Background: Treatments for depression have improved, and their availability has markedly increased since the 1980s. Mysteriously, the prevalence of depression in the general population has not decreased. This ‘treatment-prevalence paradox’ (TPP) raises fundamental questions about the diagnosis and treatment of depression.

Aim: To clarify the TPP.

Method: We discuss seven explanations for the TPP, based on an integrative narrative review.

Results: The first two explanations assume that improved and more widely available treatments did reduce the prevalence, but that the reduction has been offset by an increase in: 1. misdiagnosing distress as depression, yielding more ‘false positive’ diagnoses; or 2. an actual increase in the incidence of first episodes. The remaining five explanations assume prevalence did not decrease, but suggest that 3. acute phase treatments and 4. relapse prevention are less efficacious than believed; 5. trial efficacy doesn’t generalize to real-world settings; 6. expansion of treatment was not optimally targeted at recurrent-chronic cases which account for most prevalence; and 7. treatments have sometimes counterproductive effects.

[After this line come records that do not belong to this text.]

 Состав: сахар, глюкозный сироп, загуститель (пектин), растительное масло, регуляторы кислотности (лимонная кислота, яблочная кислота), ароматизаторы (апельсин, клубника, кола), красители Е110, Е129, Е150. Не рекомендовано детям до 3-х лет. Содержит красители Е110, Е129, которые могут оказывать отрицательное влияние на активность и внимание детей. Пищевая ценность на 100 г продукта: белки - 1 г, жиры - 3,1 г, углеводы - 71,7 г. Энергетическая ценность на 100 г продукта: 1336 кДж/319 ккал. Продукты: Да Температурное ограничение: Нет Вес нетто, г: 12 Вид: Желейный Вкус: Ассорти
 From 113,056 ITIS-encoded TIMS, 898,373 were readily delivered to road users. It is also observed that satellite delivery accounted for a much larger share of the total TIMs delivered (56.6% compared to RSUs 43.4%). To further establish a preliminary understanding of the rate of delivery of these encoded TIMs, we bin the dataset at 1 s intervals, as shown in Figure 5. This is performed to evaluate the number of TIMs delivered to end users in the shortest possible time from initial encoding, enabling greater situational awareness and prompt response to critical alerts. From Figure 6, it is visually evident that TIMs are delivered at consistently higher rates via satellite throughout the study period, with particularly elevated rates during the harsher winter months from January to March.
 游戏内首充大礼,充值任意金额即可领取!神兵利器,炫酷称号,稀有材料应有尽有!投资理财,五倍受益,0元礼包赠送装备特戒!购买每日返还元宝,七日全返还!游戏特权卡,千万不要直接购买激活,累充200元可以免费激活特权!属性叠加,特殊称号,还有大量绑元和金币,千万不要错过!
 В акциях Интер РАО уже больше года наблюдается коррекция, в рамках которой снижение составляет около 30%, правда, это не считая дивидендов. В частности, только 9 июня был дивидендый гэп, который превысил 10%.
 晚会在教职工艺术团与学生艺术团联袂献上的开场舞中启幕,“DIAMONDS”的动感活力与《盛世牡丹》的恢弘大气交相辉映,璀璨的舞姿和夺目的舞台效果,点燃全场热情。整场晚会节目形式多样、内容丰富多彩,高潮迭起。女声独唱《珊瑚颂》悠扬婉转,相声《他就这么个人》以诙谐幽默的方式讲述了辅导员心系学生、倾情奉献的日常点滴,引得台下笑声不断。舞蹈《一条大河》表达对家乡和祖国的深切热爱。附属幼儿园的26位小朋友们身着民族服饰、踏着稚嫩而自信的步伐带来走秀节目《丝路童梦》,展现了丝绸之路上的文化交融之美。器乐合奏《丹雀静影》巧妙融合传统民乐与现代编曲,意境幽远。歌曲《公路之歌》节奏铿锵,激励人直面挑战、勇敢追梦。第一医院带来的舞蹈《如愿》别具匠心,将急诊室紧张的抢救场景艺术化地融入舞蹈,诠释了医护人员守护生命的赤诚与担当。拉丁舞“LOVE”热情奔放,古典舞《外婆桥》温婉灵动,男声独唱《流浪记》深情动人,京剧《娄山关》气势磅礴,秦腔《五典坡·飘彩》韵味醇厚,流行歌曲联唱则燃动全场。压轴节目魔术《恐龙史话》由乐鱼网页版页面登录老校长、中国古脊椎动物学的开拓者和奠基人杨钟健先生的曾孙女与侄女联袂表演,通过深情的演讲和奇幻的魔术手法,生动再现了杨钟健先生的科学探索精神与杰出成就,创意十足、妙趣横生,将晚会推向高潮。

Conclusion: Our analysis suggest that there is little evidence that false positives or first incidence have increased as a result of error or fact but rather strong evidence that (a) the published literature overestimates treatment efficacy, that (b) treatments are considerably less effective as deployed in ‘real world’ settings, and (c) that treatment impact differs substantially for chronic-recurrent cases relative to non-recurrent cases. Collectively, these three explanations probably account for most of the paradox. Further exploration of counterproductive effects of treatment is critical. Significant prevalence reduction requires not only better treatment but foremost long-term structurally funded prevention targeting powerful determinants.